With a climate chamber HCP from Memmert (Schwabach, Germany), the temperature-sensing function of the yarn was characterized. With the AtmoControl program, the temperature is controlled in a range between 20 and 60 °C. The temperature is increased step by step with an interval of 10 °C. A retention time of 30 min guarantees that the climatic chamber actually reaches the temperature and that the stainless steel yarn can adjust to the temperature. The temperature measurement is carried out on the pure stainless steel yarn, as well as on the coated yarn, and repeated five times each. The yarn is cut to a length of 30 cm, and a multimeter is connected to the ends.
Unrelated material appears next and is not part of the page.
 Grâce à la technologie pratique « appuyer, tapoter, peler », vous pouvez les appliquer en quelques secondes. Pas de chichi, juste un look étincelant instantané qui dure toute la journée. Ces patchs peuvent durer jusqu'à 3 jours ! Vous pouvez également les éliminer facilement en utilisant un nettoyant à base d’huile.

For the characterization of the thermochromic properties of the yarn, measurements to determine the switching temperature, the color change, and the adopted color gradations between switching and room temperature are relevant. The measurements were performed using a Datacolor High-Performance Spectrophotometer 400TM. To analyze the colors, a measuring geometry of d/8°, a 10° observer, and a small measuring aperture (SAV) were applied, and no gloss was used. For the color change, a defined voltage was applied to the yarn with a laboratory power supply unit of the company OJE (number: OJ3005E III) and heated. The color-changing heating yarn is woven in a fabric with a dimension of 5*3 cm. This is positioned under the high-power spectrophotometer with the temperature probe of the multimeter and the connections of the laboratory power supply unit. The laboratory power supply heats the fabric by increasing the supplied voltage step by step, and the resulting temperature is displayed by the multimeter with an integrated FLIR thermal imager. According to the manufacturer, the color gradient should take place at 31 °C. By gradually increasing the temperature by 1 °C, the color gradient between the room temperature and the switching temperature can be characterized. The measurement is repeated three times at different points on a hand-woven fabric made solely from the hybrid yarn.
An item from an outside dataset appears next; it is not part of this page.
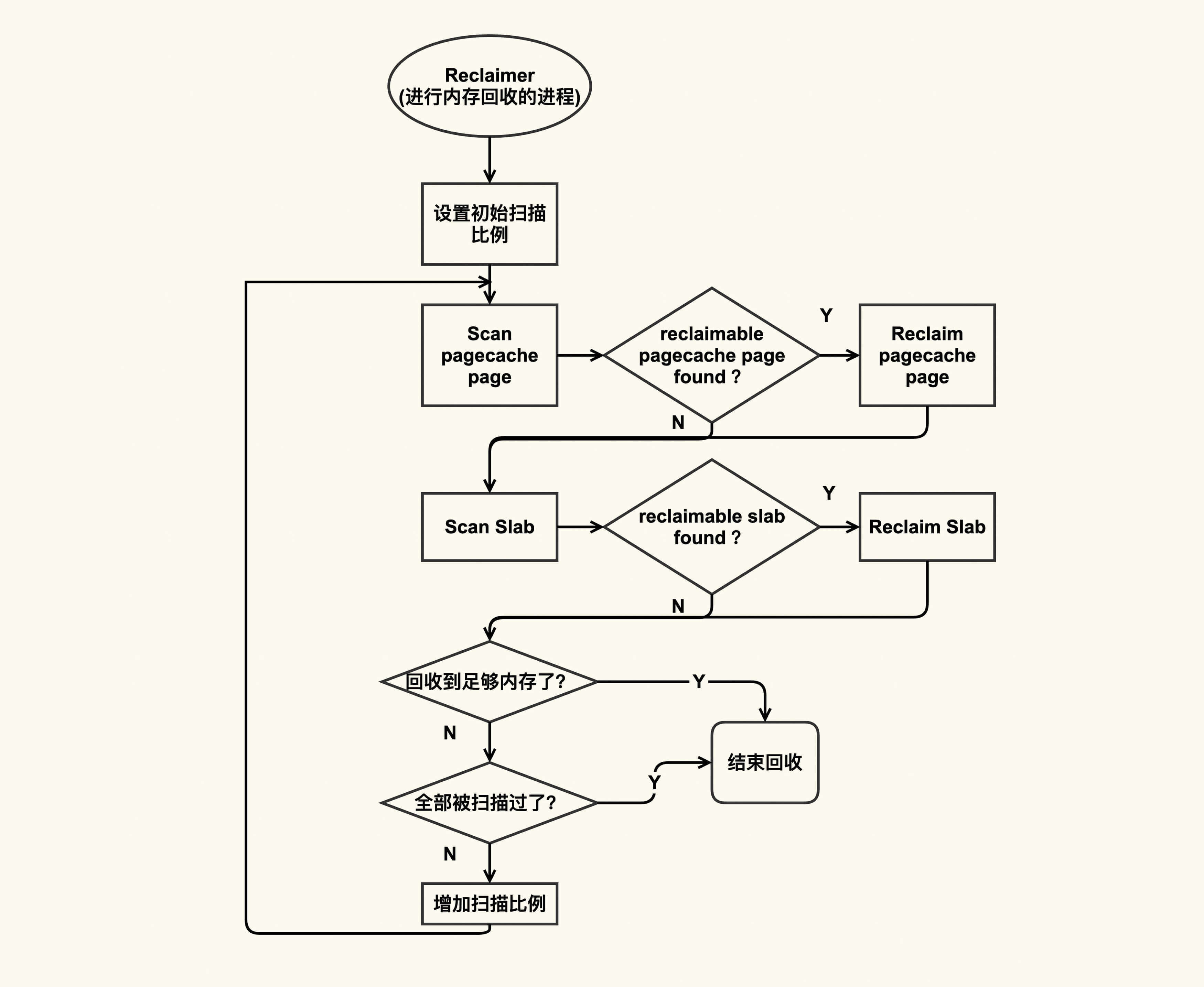 我们在前面已经提到过,在内存紧张的时候会触发内存回收,内存回收会尝试去回收reclaimable(可以被回收的)内存,这部分内存既包含Page Cache又包含reclaimable kernel memory(比如slab)。我们可以用下图来简单描述这个过程:

The heating function of the yarn was characterized by a FLIR thermal imaging multimeter, DM285. With an integrated thermal imaging camera having a resolution of 120 × 160 pixels and an infrared-controlled measuring aid technology, it enables temperature measurement and recording. To heat the yarn, it was connected to the OJE laboratory power supply unit. The hybrid yarn was cut to a length of 30 cm for the measurement. The power supply unit was connected to the ends of the conductive core material and was heated in a controlled manner. For this experiment, different voltages were used, and the temperature of the yarn was measured. The longer the heating yarn, the higher the applied voltage must be. Experiments were carried out with voltages of 1.01 V (0.189 A), 1.67 V (0.322 A), and 3.01 V (0.586 A). Also, the voltage was held constant at 2.10 V, and the time was measured that it takes the yarn to heat up to 40°.
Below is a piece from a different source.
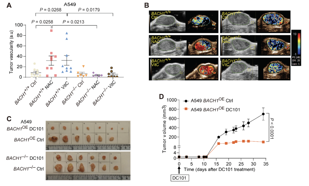 结果很明显,在抗氧化剂维生素C和N-乙酰半胱氨酸的使用下,小鼠模型中肿瘤内血管数量明显增加。而敲除BACH1,则会消除这种效应。

Moreover, textile tests, such as tensile and washing tests, were carried out to determine the mechanical stability of the yarn. The former was performed on the tensile testing machine of the company Zwick Roell (Universal testing machine Zwick 1455, Ulm, Germany) according to EN ISO 2062. Hereby, the hybrid wrapped and coated yarn was compared to the untreated Bekinox fiber. Washing tests were carried out 3 times, and the samples were compared to their untreated equivalents in terms of optic, electrical resistance, heating performance, and color change. For washing, yarn pieces with a length of 50 cm were sewn onto a piece of PES cloth. This cloth was packed into the washing machine IPSO HC60 of the company Treysse and filled with more of the PES cloth. A household washing cycle at 40 °C was performed, and after each washing cycle, the samples were air-dried.
3. Results and Discussion
3.1. Production of the Temperature-Sensing Heating Yarn with Color Change
During the coating process, the parameters viscosity, fiber material, and take-up speed have an influence on the homogeneity of the coating. In coating trials, different PU-60 dispersions were used, which differ in the amount of thickener. It was found that dispersions with more than 1.35% thickener stuck to the walls of the coating gland and thus led to an inhomogeneous coating. Below 1.35% thickener, the coating flows downwards, despite the upward movement of the yarn. Again, too low viscosity with 1.08% thickener is not recommended as it will run out of the coating nozzle. Further experiments were thus carried out with 1.35% thickener. Additional trials were conducted with different fiber materials, such as cotton, rotor spun, and texturized polyester.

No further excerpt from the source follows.